Below we provide a simple example to get you started. 

## A Simple Example

Consider a simple linear regression problem where it is desired to
estimate a set of parameters using a least squares criterion. 

We generate some synthetic data where we know the model completely,
that is

$$ Y = X\beta + \epsilon $$ 

where $Y$ is a $100\times 1$ vector, $X$ is a $100\times 10$ matrix,
$\beta = [-4,\ldots ,-1, 0, 1, \ldots, 5]$ is a $10\times 1$ vector, and
$\epsilon \sim N(0, 1)$.


```{r}
set.seed(123)

n <- 100
p <- 10
beta <- -4:5   # beta is just -4 through 5.

X <- matrix(rnorm(n * p), nrow=n)
colnames(X) <- paste0("beta_", beta)
Y <- X %*% beta + rnorm(n)
```

Given the data $X$ and $Y$, we can estimate the $\beta$ vector using
`lm` function in R that fits a standard regression model.

```{r}
ls.model <- lm(Y ~ 0 + X)   # There is no intercept in our model above
m <- data.frame(ls.est = coef(ls.model))
rownames(m) <- paste0("$\\beta_{", 1:p, "}$")
knitr::kable(m)
```	

These are the least-squares estimates and can be seen to be reasonably
close to the original $\beta$ values -4 through 5.

## The `CVXR` formulation

The `CVXR` formulation states the above as an optimization problem:

$$
  \begin{array}{ll}
    \underset{\beta}{\mbox{minimize}} & \|y - X\beta\|_2^2,
  \end{array}
$$
which directly translates into a problem that `CVXR` can solve as shown
in the steps below.

- Step 0. Load the `CVXR` library

```{r}
suppressWarnings(library(CVXR, warn.conflicts=FALSE))
```

- Step 1. Define the variable to be estimated

```{r}
betaHat <- Variable(p)
```

- Step 2. Define the objective to be optimized

```{r}
objective <- Minimize(sum((Y - X %*% betaHat)^2))
```
Notice how the objective is specified using functions such as `sum`,
`*%*` and `^`, that are familiar to R users despite that fact that
`betaHat` is no ordinary R expression but a `CVXR` expression.

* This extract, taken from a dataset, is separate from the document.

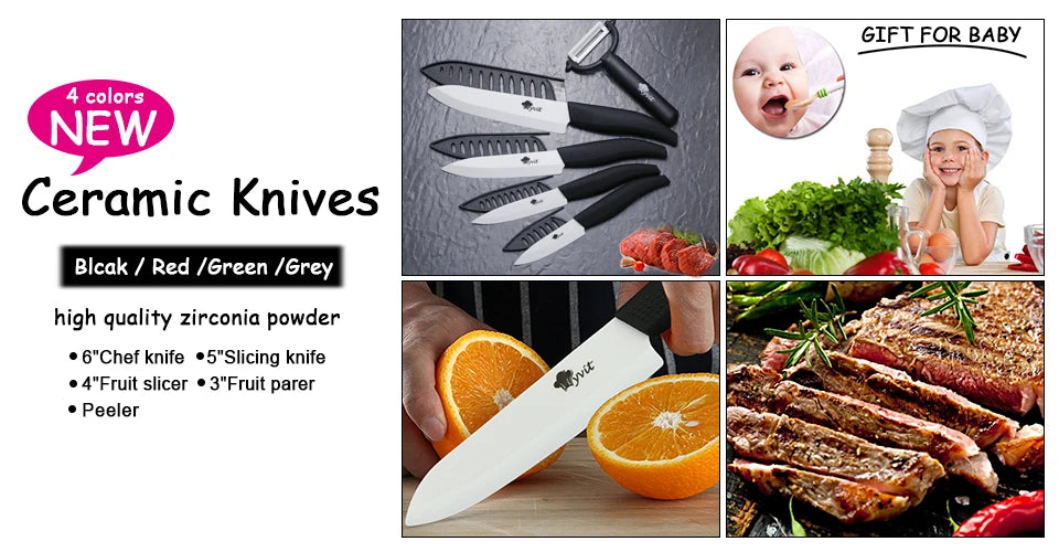 Precision Cutting with Zirconia Blades: Each knife in this kitchen knife set is made from durable zirconia, known for its sharpness and longevity. Unlike traditional chef knives, our ceramic knives retain their edge longer and resist wear, making them ideal for everyday use.

- Step 3. Create a problem to solve

```{r}
problem <- Problem(objective)
```

- Step 4. Solve it!

```{r}
result <- solve(problem)
```

- Step 5. Extract solution and objective value

```{r, echo = FALSE}
solution <- result$getValue(betaHat)
cat(sprintf("Objective value: %f\n", result$value))
```

We can indeed satisfy ourselves that the results we get matches that
from `lm`.

```{r}
m <- cbind(coef(ls.model), result$getValue(betaHat))
colnames(m) <- c("lm est.", "CVXR est.")
rownames(m) <- paste0("$\\beta_{", 1:p, "}$")
knitr::kable(m)
```

## Wait a minute! What have we gained?

On the surface, it appears that we have replaced one call to `lm` with
at least five or six lines of new R code. On top of that, the code
actually runs slower, and so it is not clear what was really achieved.

So suppose we knew for a fact that the $\beta$s were nonnegative and
we wish to take this fact into account. This
is
[nonnegative least squares regression](https://en.wikipedia.org/wiki/Non-negative_least_squares) and
`lm` would no longer do the job. 

In `CVXR`, the modified problem merely requires the addition of a constraint to the
problem definition.

```{r}
problem <- Problem(objective, constraints = list(betaHat >= 0))
result <- solve(problem)
m <- data.frame(CVXR.est = result$getValue(betaHat))
rownames(m) <- paste0("$\\beta_{", 1:p, "}$")
knitr::kable(m)
```

We can verify once again that these values are comparable to those
obtained from another R package,
say [nnls](https://CRAN.R-project.org/package=nnls). 

```{r}
if (requireNamespace("nnls", quietly = TRUE)) {
    nnls.fit <- nnls::nnls(X, Y)$x
} else {
    nnls.fit <- rep(NA, p)
}
```

```{r}
m <- cbind(result$getValue(betaHat), nnls.fit)
colnames(m) <- c("CVXR est.", "nnls est.")
rownames(m) <- paste0("$\\beta_{", 1:p, "}$")
knitr::kable(m)
```

## Okay that was cool, but...

As you no doubt noticed, we have done nothing that other R packages
could not do.

So now suppose that we know, for some extraneous reason, that the sum
of 
$\beta_2$ and $\beta_3$ is nonpositive and but all other $\beta$s are
nonnegative.

It is clear that this problem would not fit into any standard
package. But in `CVXR`, this is easily done by adding a few
constraints. 

To express the fact that $\beta_2 + \beta_3$ is nonpositive, we
construct a row matrix with zeros everywhere, except in positions 2
and 3 (for $\beta_2$ and $\beta_3$ respectively).

```{r}
A <- matrix(c(0, 1, 1, rep(0, 7)), nrow = 1)
colnames(A) <- paste0("$\\beta_{", 1:p, "}$")
knitr::kable(A)
```

The sum constraint is nothing but 
$$
A\beta <= 0
$$

which we express in R as

```{r}
constraint1 <- A %*% betaHat <= 0
```

_NOTE_: The above constraint can also be expressed simply as

```{r, eval = FALSE}
constraint1 <- betaHat[2] + betaHat[3] <= 0
```
but it is easier working with matrices in general with `CVXR`. 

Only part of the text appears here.